__TASK STATEMENT__. All that is wanted is the exact text of the lines below from the one with "name and logo." through the one with "Streamlined Content: High-yield", inclusive, minus any pictures.

Top of GIVEN ENTRIES

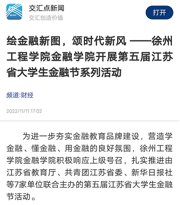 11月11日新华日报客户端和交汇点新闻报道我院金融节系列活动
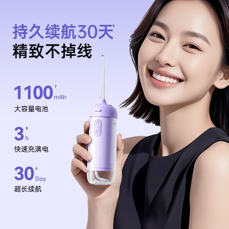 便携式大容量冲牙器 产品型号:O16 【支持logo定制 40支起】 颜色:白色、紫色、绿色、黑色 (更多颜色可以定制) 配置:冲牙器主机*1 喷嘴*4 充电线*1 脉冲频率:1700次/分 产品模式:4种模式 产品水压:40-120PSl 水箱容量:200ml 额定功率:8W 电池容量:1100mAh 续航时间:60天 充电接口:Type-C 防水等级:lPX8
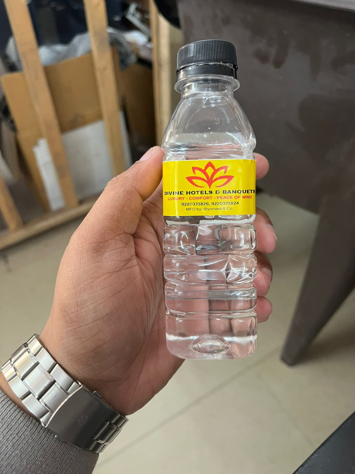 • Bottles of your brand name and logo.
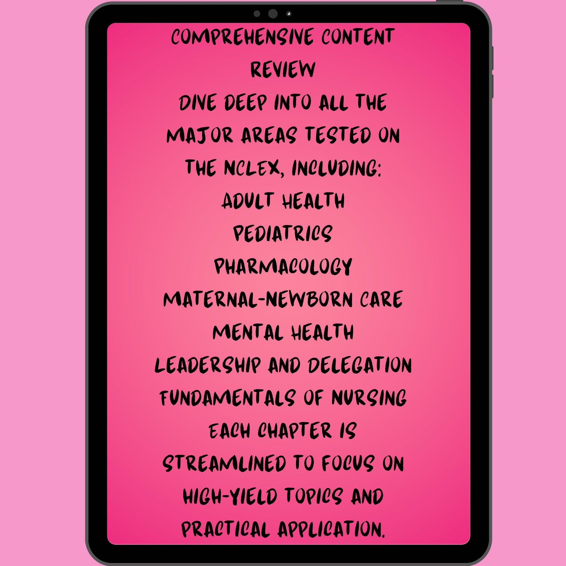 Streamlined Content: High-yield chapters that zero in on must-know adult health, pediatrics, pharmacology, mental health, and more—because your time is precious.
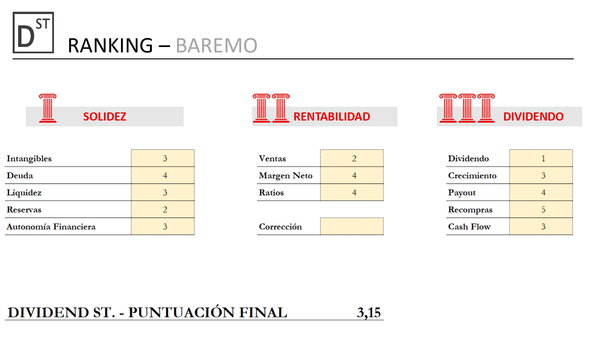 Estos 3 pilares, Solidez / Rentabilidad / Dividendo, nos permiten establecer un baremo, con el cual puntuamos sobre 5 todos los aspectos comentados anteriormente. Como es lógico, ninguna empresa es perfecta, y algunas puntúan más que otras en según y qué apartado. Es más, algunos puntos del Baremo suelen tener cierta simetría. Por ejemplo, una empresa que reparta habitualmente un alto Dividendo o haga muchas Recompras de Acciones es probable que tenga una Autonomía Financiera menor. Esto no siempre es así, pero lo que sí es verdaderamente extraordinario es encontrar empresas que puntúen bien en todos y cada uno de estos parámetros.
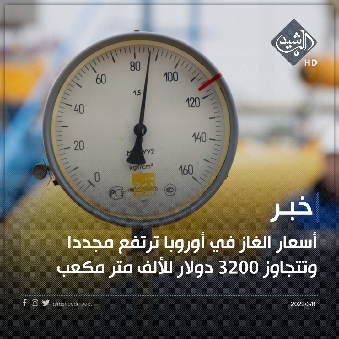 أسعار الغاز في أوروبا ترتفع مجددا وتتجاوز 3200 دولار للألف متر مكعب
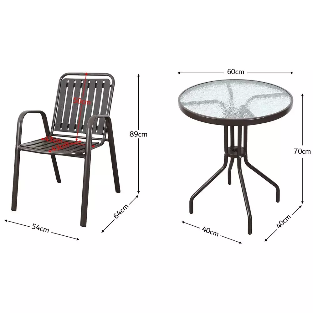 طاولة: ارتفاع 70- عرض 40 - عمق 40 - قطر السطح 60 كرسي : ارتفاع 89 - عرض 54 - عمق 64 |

Bottom of GIVEN ENTRIES
Top of GIVEN ENTRIES

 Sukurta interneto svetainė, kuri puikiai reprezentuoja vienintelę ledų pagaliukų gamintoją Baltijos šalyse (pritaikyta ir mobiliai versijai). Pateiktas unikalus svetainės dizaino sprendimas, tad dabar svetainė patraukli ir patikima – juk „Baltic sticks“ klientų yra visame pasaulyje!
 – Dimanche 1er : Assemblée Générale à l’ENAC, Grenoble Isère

Bottom of GIVEN ENTRIES

__REPLY__.
 • Bottles of your brand name and logo.
 Streamlined Content: High-yield chapters that zero in on must-know adult health, pediatrics, pharmacology, mental health, and more—because your time is precious.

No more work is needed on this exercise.